The problem is that I don't have a choice whether to be sick, so I can't really change that.  On my worst days of sickness, I honestly don't even like to talk very much.  (For those of you who know me- you know this is very strange indeed).  But writing is definitely my choice.  I mostly write children's stories, but also like to write poems and hope to write a novel someday. 

I recently went through all my old stuff in in my closet and found a ridiculous amount of journals- about 4 per year since I was in Junior High until now.  I can't help but let my thoughts out on paper.  I think my head would have exploded if I had all those thoughts inside of me from Junior High until now.

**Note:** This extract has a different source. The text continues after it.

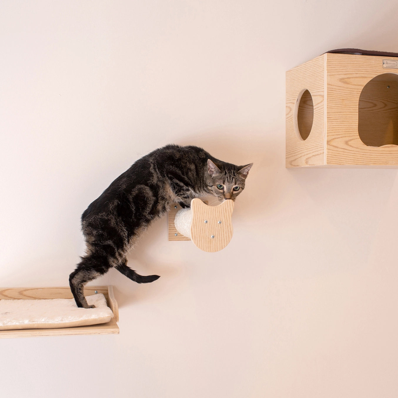 Transform your wall into a feline paradise with our Wall Series: Tree Condo, Perch, and Step! Designed to provide endless entertainment and exercise, your cat will love climbing, jumping, and perching on this multi-level structure. Bring the outdoors in and satisfy your cat's natural instincts with this unique addition to your home.

It is so strange to me that I often feel like writing as soon as I start feeling better.  You would think that an extrovert like myself would just want to get out and see people and talk (and believe me, on my good days, I do).  However, there is a part of my that is shut down or cut off when I am sick.  It is that part of me that cannot sleep until I write down my thoughts.  It is that part of me that like to analyze and make something new that has never been made before.  It is like my Lyme Disease traps that inside of me and it is just dying to get a breath of air.


Breathe.  Just breathe.


2 comments:

Unknown said...

I love that you write and share your heart D3. God has given you a voice.

Tara said...

I have a box of journals from Jr. High too. It's like the only way I can really think is on paper.